Им-то никакие разрешения взрослых не требовались. Они и сами уже были взрослыми. А солдат на воротах — ну его. Хорошо, что такой молодой попался. Другой бы еще подумал, пускать или не стоит…
Ну, по крайней мере, один пункт готов: на пруд они посмотрели. Вода здесь, наверное, жутко ядовитая, но Кип предусмотрительно держался подальше. Хватало одного взгляда на синюю ряску — вот это жуть! Квакши в список не входили, и ладно. Хорошо бы поймать хоть штучку себе в коллекцию, но одно дело — засушивать бабочек, и другое — свежевать лягушек. Кип надеялся, что ему поможет Локус или хотя бы Трид, но раз никого здесь не водится, то и переживать нечего.
Кип весело присвистнул и, развернув свой планшет, вычеркнул пруд.
— Что там еще осталось? — вытянул шею Трид.
— Купить ваты, — сглотнул Кип. Пока добирались до пустыря, живот скрутило так, будто никакого омлета ему мать и не готовила.
— О, это я понимаю, — кряхтя, Трид поднялся на ноги. — Я ради ваты хоть куда.
— Смотри, как бы желудок менять не пришлось, — хохотнул Локус.
Трид надулся, а Мирна, съехав с камня, кивнула.
— Я тоже есть хочу. Прогуляемся. А закат на колокольне встретим. Там ведь колокольня последняя, да, головастик?

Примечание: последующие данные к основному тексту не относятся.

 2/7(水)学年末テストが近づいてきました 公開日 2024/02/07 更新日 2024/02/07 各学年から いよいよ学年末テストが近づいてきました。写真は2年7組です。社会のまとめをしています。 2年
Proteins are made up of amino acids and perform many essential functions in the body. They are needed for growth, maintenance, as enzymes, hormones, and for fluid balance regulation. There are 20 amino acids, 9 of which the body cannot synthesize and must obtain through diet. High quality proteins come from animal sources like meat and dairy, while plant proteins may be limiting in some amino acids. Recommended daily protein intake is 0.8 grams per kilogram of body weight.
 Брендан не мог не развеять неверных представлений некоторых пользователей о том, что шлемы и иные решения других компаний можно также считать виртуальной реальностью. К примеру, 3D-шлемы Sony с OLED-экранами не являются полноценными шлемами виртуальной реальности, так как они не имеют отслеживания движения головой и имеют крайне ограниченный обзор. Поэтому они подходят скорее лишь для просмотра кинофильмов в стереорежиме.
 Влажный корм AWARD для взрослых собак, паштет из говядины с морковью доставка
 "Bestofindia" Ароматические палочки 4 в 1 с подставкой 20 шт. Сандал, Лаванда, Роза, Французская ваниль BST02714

Она редко говорила с Кипом. Все больше смотрелась в зеркальце, улыбалась Триду и надменно косилась на Локуса, и Кип зарделся. Когда он увязался за ребятами, Мирна его вообще не замечала. Думала, наверное, он сам отстанет. Когда же поняла, что от Кипа так просто не избавиться, называла его перед другими малявкой. Теперешний «головастик» звучал от нее комплиментом.

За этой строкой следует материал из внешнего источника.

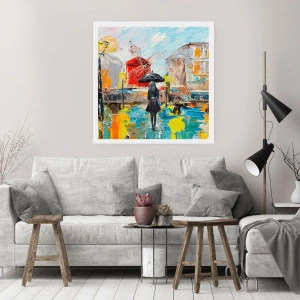 Plakat - Malownicza scena z parasolem na tle Paryża w żywych kolorach - 100x70cm - Paryskie legendy - Nowoczesna dekoracja ścienna do salonu i sypialni ARTTOR
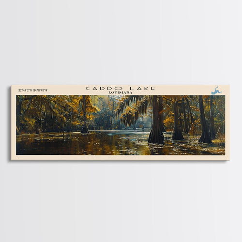 Caddo Lake Louisiana Framed Canvas Print, Pop Art Panoramic Travel Poster, Midcentury Modern, Wall Art, Scenic Nature Painting, Bedroom Decor
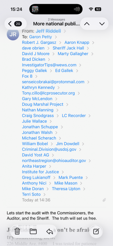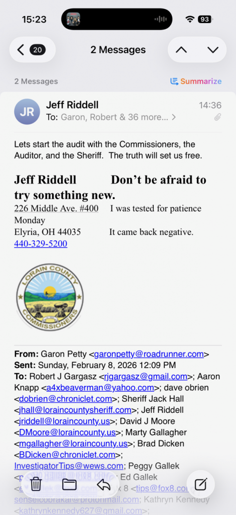 When Jeff Riddell wrote, “Let’s start the audit with the Commissioners, the Auditor, and the Sheriff. The truth will set us free,” he did not do so in a casual or ambiguous setting. This was not a social media post dashed off in the heat of an argument. It was not an unscripted remark at a public meeting that could later be dismissed as rhetorical excess or imprecise language. It was not sent from a personal email account or framed as an individual opinion detached from office. It was written on official Lorain County Commissioners letterhead and transmitted to a broad and deliberate audience that included journalists, senior state officials, the Ohio Attorney General, and the Lorain County Sheriff himself. That context is not incidental. It is determinative.

Кип гордо кивнул. Ему ведь доверили вести летний список. Сто пунктов! И вот осталось всего два, и эта красивая девчонка уже перестала его ненавидеть. Плетясь следом за ребятами, Кип замечтался. Вот бы у него была такая подруга, как Мирна! Чтобы был у нее длинный нос, тонкие пальцы и высокий голос. А еще — фигура. Девчонки без изгибов девчонками ему даже не казались. Но Мирна ему не подойдет. Ей уже скоро двадцать, и ей придется найти работу, чтобы оплачивать операции. Папочка у нее, конечно, богатый, но не миллионер, и работать ей все равно придется. А Кипу лучше найти кого-то помладше. Чтобы не говорила о процентах и каких-то там бронхитах.
Пока не исчез отец, мать говорила о займах легко и весело. Ну, еще один долг, подумаешь.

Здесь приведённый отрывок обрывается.